§ **Task to complete**: Return the whole listing, line for line, without the pictures in it.

§ **Data section**:
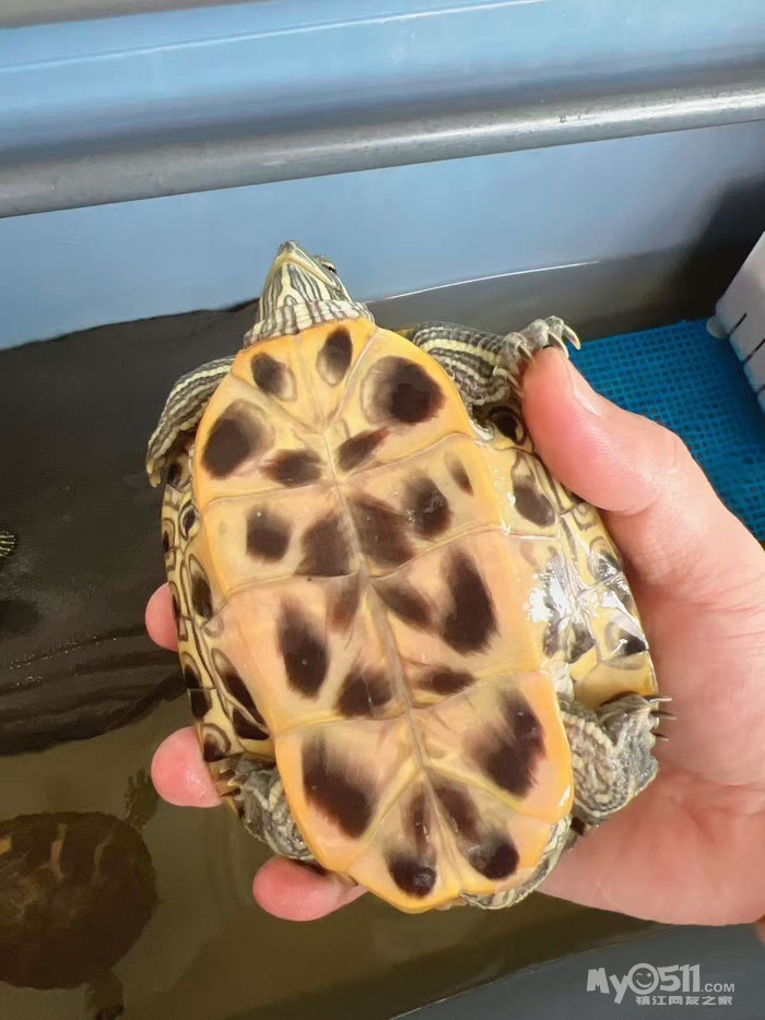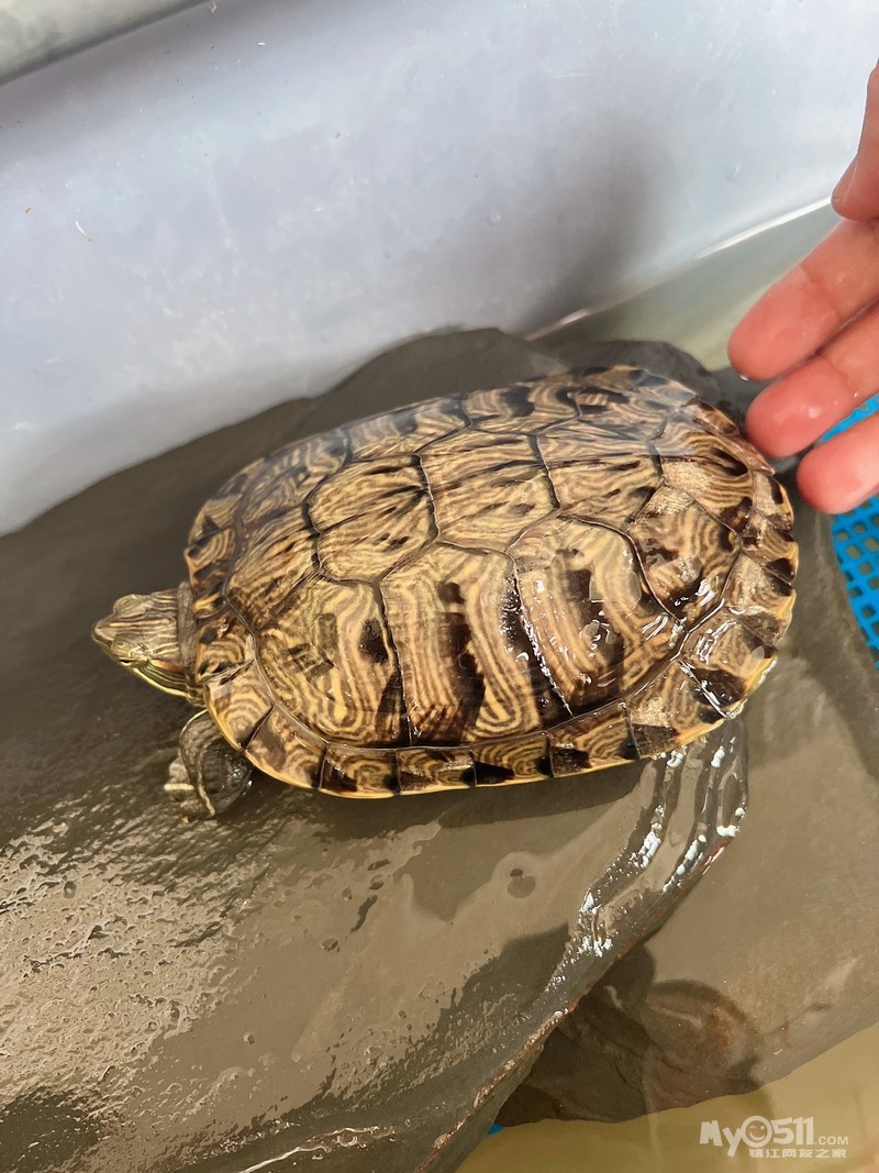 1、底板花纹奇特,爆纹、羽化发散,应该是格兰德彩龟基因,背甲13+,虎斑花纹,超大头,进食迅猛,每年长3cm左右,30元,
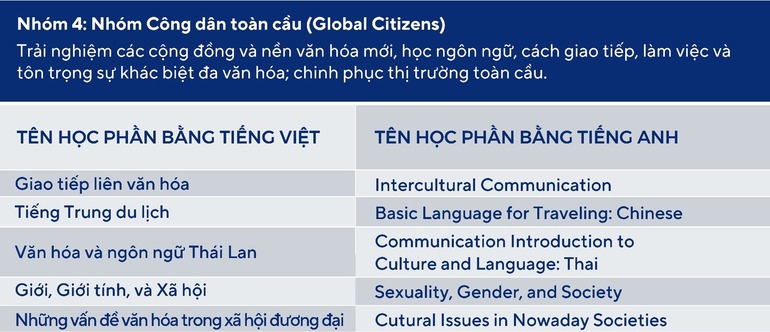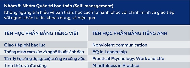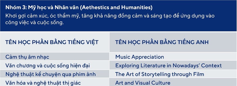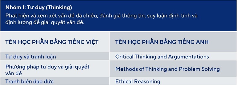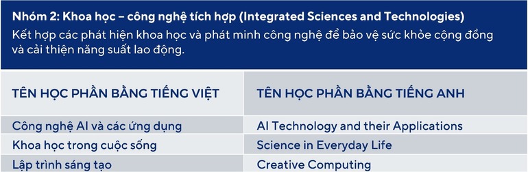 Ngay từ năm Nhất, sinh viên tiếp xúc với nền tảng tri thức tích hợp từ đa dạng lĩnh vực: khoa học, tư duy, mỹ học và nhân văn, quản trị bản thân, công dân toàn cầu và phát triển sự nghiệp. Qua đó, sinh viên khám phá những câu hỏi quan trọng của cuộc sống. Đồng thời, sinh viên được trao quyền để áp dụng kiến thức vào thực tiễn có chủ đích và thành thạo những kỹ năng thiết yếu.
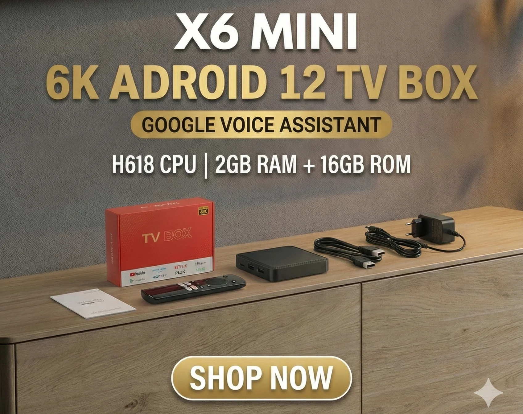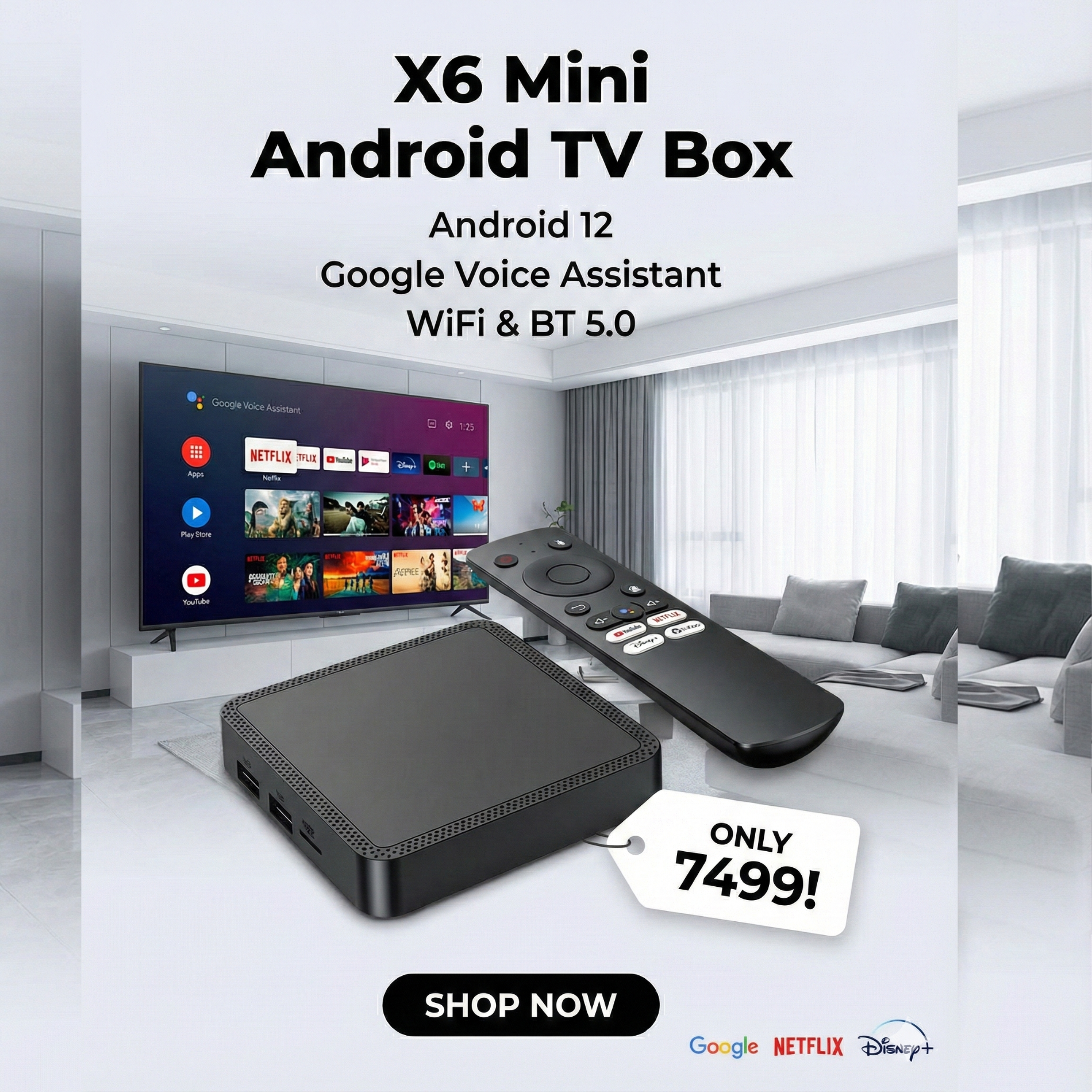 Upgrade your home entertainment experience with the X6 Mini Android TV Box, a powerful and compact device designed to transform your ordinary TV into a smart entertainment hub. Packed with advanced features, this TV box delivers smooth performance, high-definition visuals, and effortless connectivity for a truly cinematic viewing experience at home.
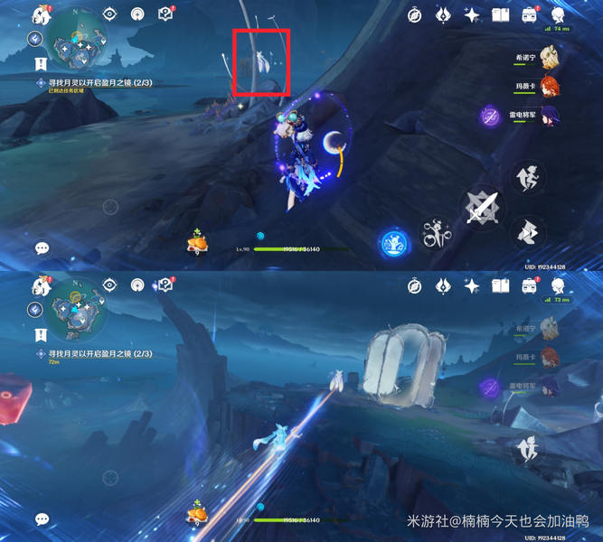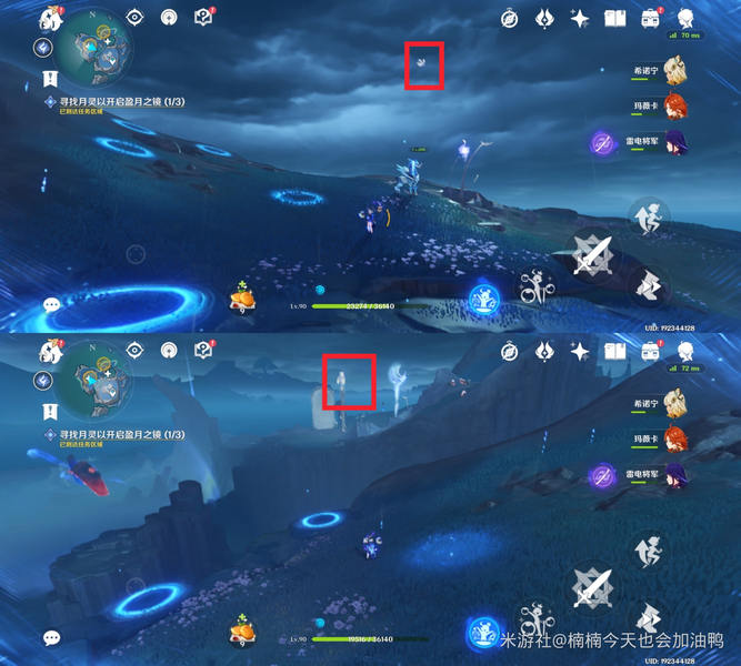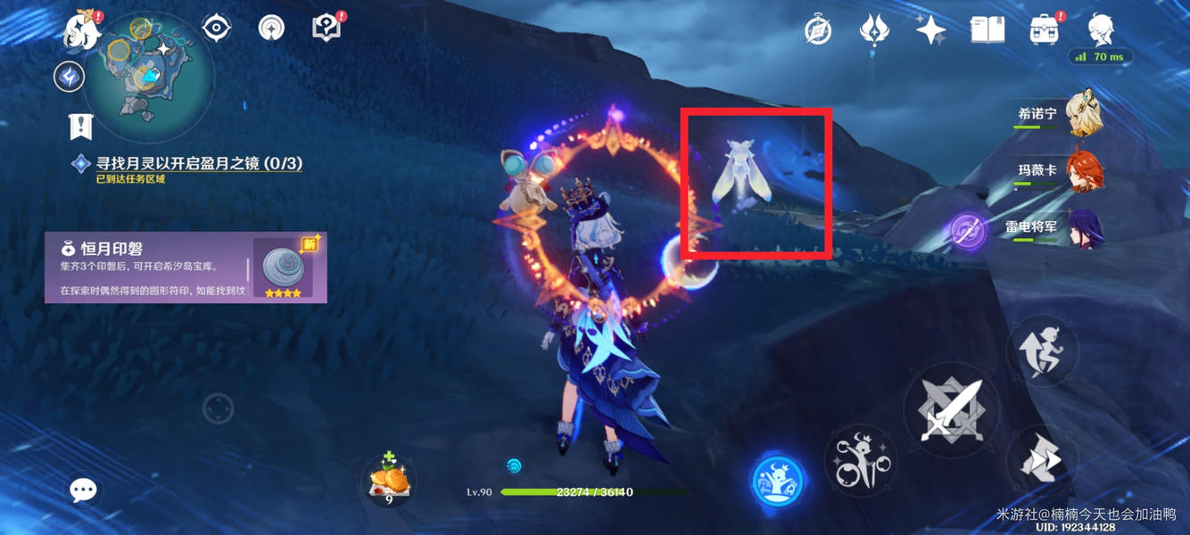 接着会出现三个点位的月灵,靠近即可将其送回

§ **Response to the task**:
 1、底板花纹奇特,爆纹、羽化发散,应该是格兰德彩龟基因,背甲13+,虎斑花纹,超大头,进食迅猛,每年长3cm左右,30元,
 Ngay từ năm Nhất, sinh viên tiếp xúc với nền tảng tri thức tích hợp từ đa dạng lĩnh vực: khoa học, tư duy, mỹ học và nhân văn, quản trị bản thân, công dân toàn cầu và phát triển sự nghiệp. Qua đó, sinh viên khám phá những câu hỏi quan trọng của cuộc sống. Đồng thời, sinh viên được trao quyền để áp dụng kiến thức vào thực tiễn có chủ đích và thành thạo những kỹ năng thiết yếu.
 Upgrade your home entertainment experience with the X6 Mini Android TV Box, a powerful and compact device designed to transform your ordinary TV into a smart entertainment hub. Packed with advanced features, this TV box delivers smooth performance, high-definition visuals, and effortless connectivity for a truly cinematic viewing experience at home.
 接着会出现三个点位的月灵,靠近即可将其送回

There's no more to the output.